The machine learning engineer is the single most in-demand job on earth, according to top job board indeed. 

My name is Mike West and I'm a machine learning engineer in the applied space. I've worked or consulted with over 50 companies and just finished a project with Microsoft. I've published over 50 courses and this is 51 on Udemy. If you're interested in learning what the real-world is really like then you're in good hands.

A machine learning engineer cannot be effective without an understanding of basic statistical concepts and statistics methods, and an effective practitioner cannot excel without being aware of and leveraging the terminology and methods used in the sister field of statistical learning.

Developers don’t know statistics and this is a big problem. Programmers don’t need to know and use statistical methods in order to develop software. Software engineering and computer science courses generally don’t include courses on statistics, let alone advanced statistical tests.
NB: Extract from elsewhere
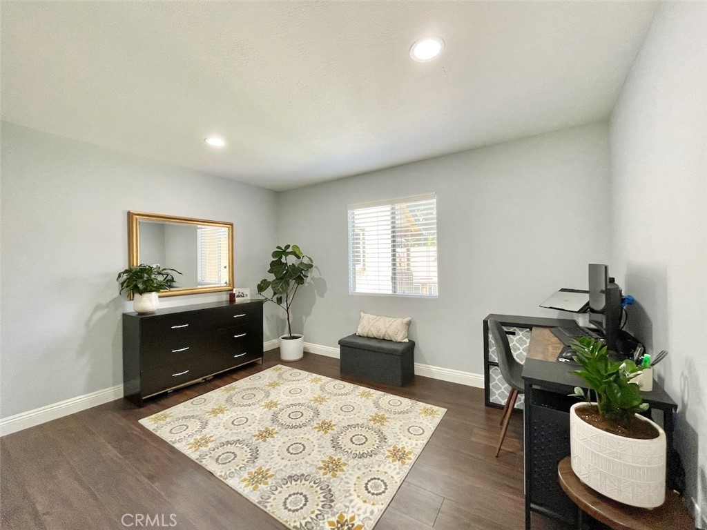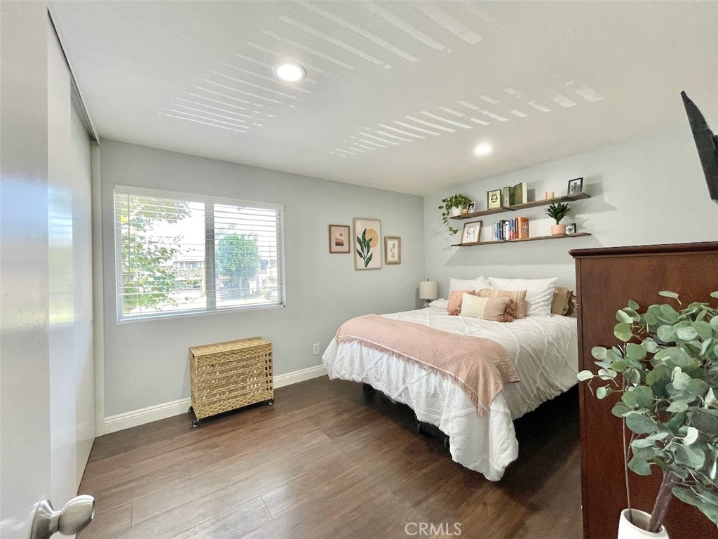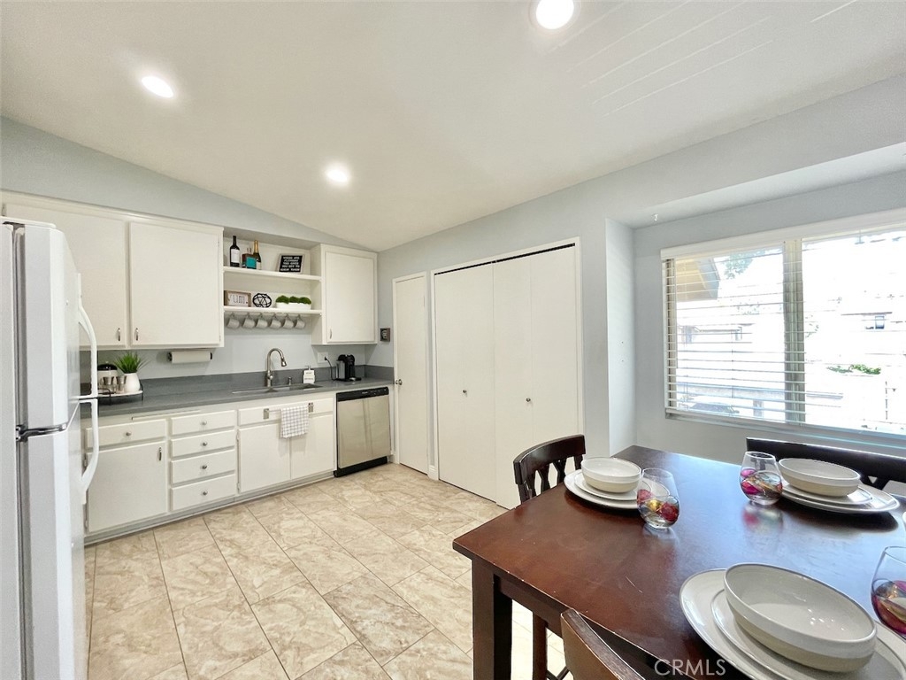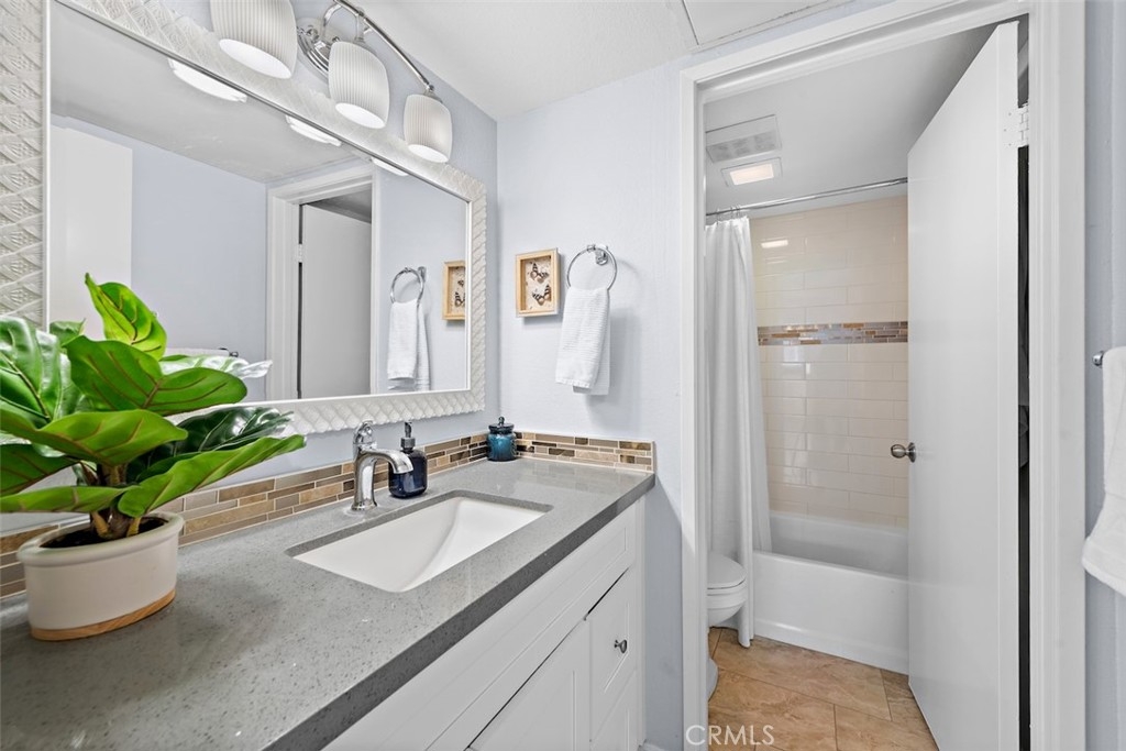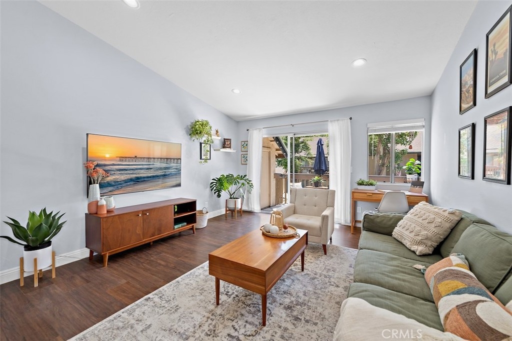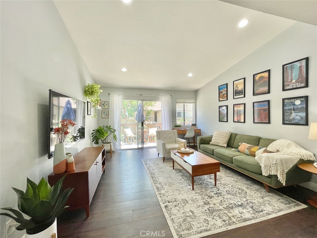 Tucked away in a serene location in beautiful Lake Forest, you won’t want to miss this lovely 2 bed 1 bath condo with the highly coveted upstairs location, overlooking lush greenbelts in the community of the Serrano Creek Villas. As you enter the home the spacious living room has large glass windows and sliding glass doors to the outdoor balcony, inviting an abundance of natural light bringing the beautiful outdoors, indoors, creating an Eichler mid century modern feel in the home. To the left of the entrance, the large kitchen features beautiful solid surface countertops, stone tile floors, and white wood cabinets complete with a hidden laundry area. The Master bedroom and guest room are spacious with plenty of closet space and natural light. The home also includes wide plank laminate flooring, smooth ceilings with recessed lighting, central air and all appliances are included. Parking includes one carport and plenty of off-street parking for family & guests. HOA dues include: Pool, water, trash and maintenance of grounds. The community is less than a quarter-mile away from Serrano Creek trail which gives you direct access to Whiting Ranch Wilderness Park. With nature trails the Lake Forest Sports Park, Irvine Spectrum, and plenty of shopping centers just a short distance away you have the perfect home life for your family & friends.
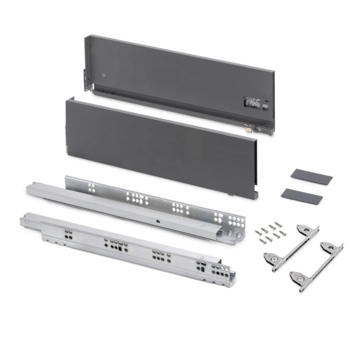 Les côtés latérales métalliques sont en acier avec finition peinte en gris anthracite, permettent d'un réglage frontal en 3D : vertical au moyen d'un excentrique de ±2 mm, horizontal ±1 mm, inclinaison -1,5/+4 mm. Les guides sont à sortie totale avec fermeture amortie et permettent une charge maximale de 60kg pour le tiroir.

Machine learning practitioners eventually realize the need to master statistics.  This might start with a need to better interpret descriptive statistics or data visualizations and may progress to the need to start using sophisticated hypothesis tests. The problem is, they don’t seek out the statistical information they need. Instead, they try to read through a text book on statistics or work through the material for an undergraduate course on statistics. This traditional approach is overly complicated, slow because it covers a breadth and depth of material on statistics that is beyond the needs of the machine learning practitioner.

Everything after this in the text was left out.